To simplify, divide each by the smallest value, in this case, 1.64, to obtain a rudimentary formula, eliminating decimals wherever possible. This process resulted in an empirical formula of \(\text{C}_1\text{H}_3\text{N}_1\), which aligns with the given percentages.

Molecular Ion

A molecular ion is a key component in mass spectrometry, representing the ionized form of the entire molecule. When a molecule is bombarded with electrons in the mass spectrometer, it loses an electron, converting it into a positively charged molecule.
This gives you the molecular ion, denoted by a peak in the mass spectrum, representing the molecule's full mass with a single positive charge.
In the given problem, the base peak at 61 on the spectrum indicates the molecular ion, corresponding to \(\text{C}_2\text{H}_5\text{N}_2^+\). Understanding the molecular ion peak helps determine the full mass of the molecular formula and confirms the potential molecular structure.

Fragment Ions

Fragment ions are smaller pieces of a molecule that break off in a mass spectrometer, providing essential clues for understanding the structure of the original molecule. When the molecular ion is formed, it can fracture into fragments, each showing up as a peak in the mass spectrum. These peaks are critical for deducing molecular structure.
For compound \(Z\), peaks at 46, 30, and 15 indicate the presence of specific fragment ions that help identify simpler structures within the molecule.

• The peak at 46 corresponds to losing an \(\text{NH}_3\) group, producing \(\text{C}_2\text{H}_3\).
• The peak at 30 might relate to the fragment \(\text{CH}_3\text{N}\).
• Lastly, a peak at 15 suggests the presence of a \(\text{CH}_3^+\) ion.
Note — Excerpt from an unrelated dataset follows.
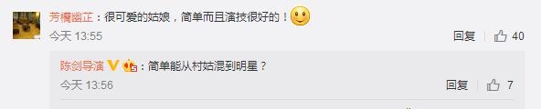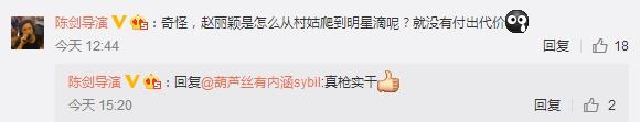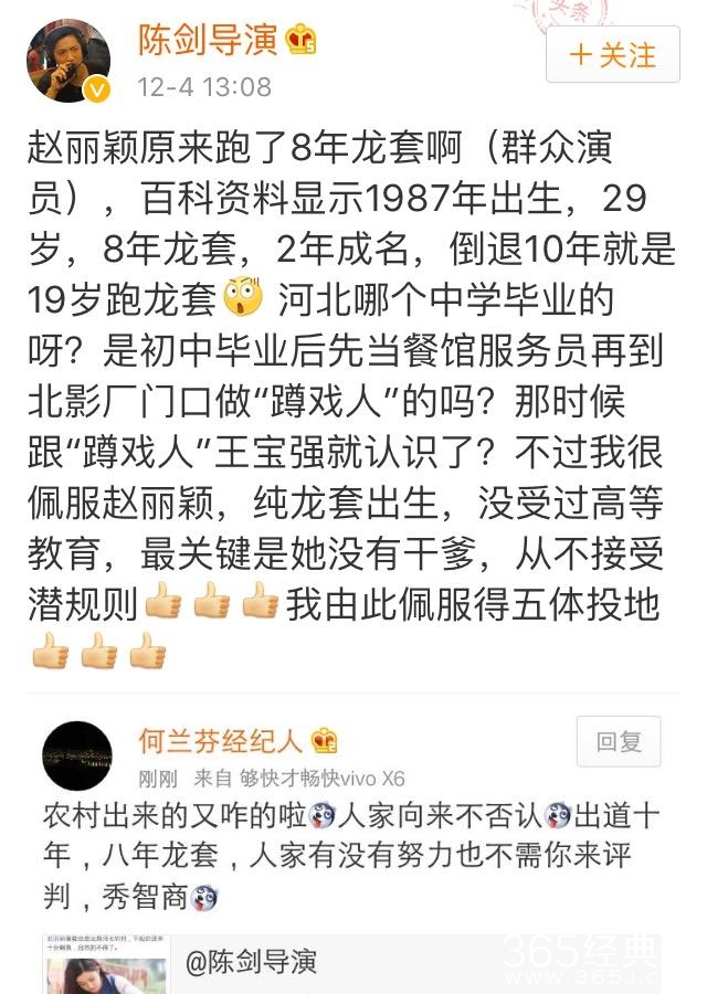 以上她的经纪人说的话很有道理,赵丽颖她确实是跑了八年的龙套才成为女主,她出身并不能成为评判一个人的标准,陈剑导演他随后表示佩服赵丽颖但在微博中与网友的对话却又是处处针对赵丽颖“简单能从村姑混到明星?”“奇怪,赵丽颖她是怎么从村姑爬到明星滴呢?就没有付出代价

Analyzing these fragment ions helps in piecing together the complete structure of the compound, offering insights into how different atoms join within the molecule.

Empirical Formula

An empirical formula represents the simplest ratio of elements in a compound. Whereas a molecular formula shows the actual number of each type of atom in a molecule, an empirical formula indicates the lowest whole number ratio.
For a compound like \(\text{Z}\), we first found an empirical formula from the experiment: \(\text{C}_1\text{H}_3\text{N}_1\). This formula suggests there is one carbon atom for every three hydrogen atoms and one nitrogen atom.
However, to match the actual mass given (61.01638), it was necessary to scale this empirical formula up. Doing so suggests the likely molecular formula \(\text{C}_2\text{H}_5\text{N}_2\), holding two of each ratio found in the empirical formula. This example illustrates the role of empirical formulas in establishing a foundation for determining a compound's full molecular structure, critical in various research and industrial applications.